Quote the whole listing word for word. Do not include the pictures.

→ Data
══════════

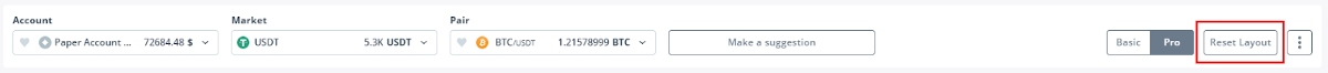 - Меню выбора аккаунта, торговой пары, переключения режимов Basic/Pro терминала и сброса размещения элементов интерфейса;
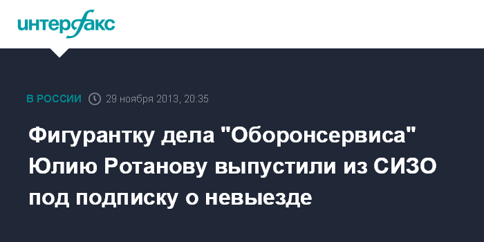Москва. 29 ноября. INTERFAX.RU - Фигурантка дела "Оборонсервиса" Юлия Ротанова отпущена из СИЗО, сообщил "Интерфаксу" в пятницу ее адвокат Андрей Боровков.
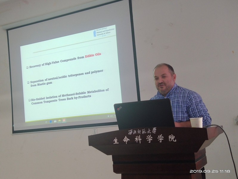 2019年9月25日上午,应金沙城js93线路检测中心马君义教授邀请,雅典国立与卡珀得斯兰大学药公司天然产物化学研究室主任,希腊药物协会主任委员,欧洲植物化学协会、欧洲药用植物研究协会、国际应用化学协会、美国生药学协会委员Leandros Skaltsounis教授、雅典国立与卡珀得斯兰大学药公司药理学和植物化学实验室研究员Apostolis Angelis教授在新校区综合实验楼A1115分别作了题为“Olive bioactive compounds, Chemisrty and Biology”和“Solid-Support Free liquid-liquid Extraction and Chromatography Techniques as a Key Tool for the Recovery of High-Value Compounds from Plant Material”的学术报告。报告会由金沙城js93线路检测中心副经理李建真主持,金沙城js93线路检测中心师生80余人参加了报告会。

══════════

→ Exercise result
 - Меню выбора аккаунта, торговой пары, переключения режимов Basic/Pro терминала и сброса размещения элементов интерфейса;
Москва. 29 ноября. INTERFAX.RU - Фигурантка дела "Оборонсервиса" Юлия Ротанова отпущена из СИЗО, сообщил "Интерфаксу" в пятницу ее адвокат Андрей Боровков.
 2019年9月25日上午,应金沙城js93线路检测中心马君义教授邀请,雅典国立与卡珀得斯兰大学药公司天然产物化学研究室主任,希腊药物协会主任委员,欧洲植物化学协会、欧洲药用植物研究协会、国际应用化学协会、美国生药学协会委员Leandros Skaltsounis教授、雅典国立与卡珀得斯兰大学药公司药理学和植物化学实验室研究员Apostolis Angelis教授在新校区综合实验楼A1115分别作了题为“Olive bioactive compounds, Chemisrty and Biology”和“Solid-Support Free liquid-liquid Extraction and Chromatography Techniques as a Key Tool for the Recovery of High-Value Compounds from Plant Material”的学术报告。报告会由金沙城js93线路检测中心副经理李建真主持,金沙城js93线路检测中心师生80余人参加了报告会。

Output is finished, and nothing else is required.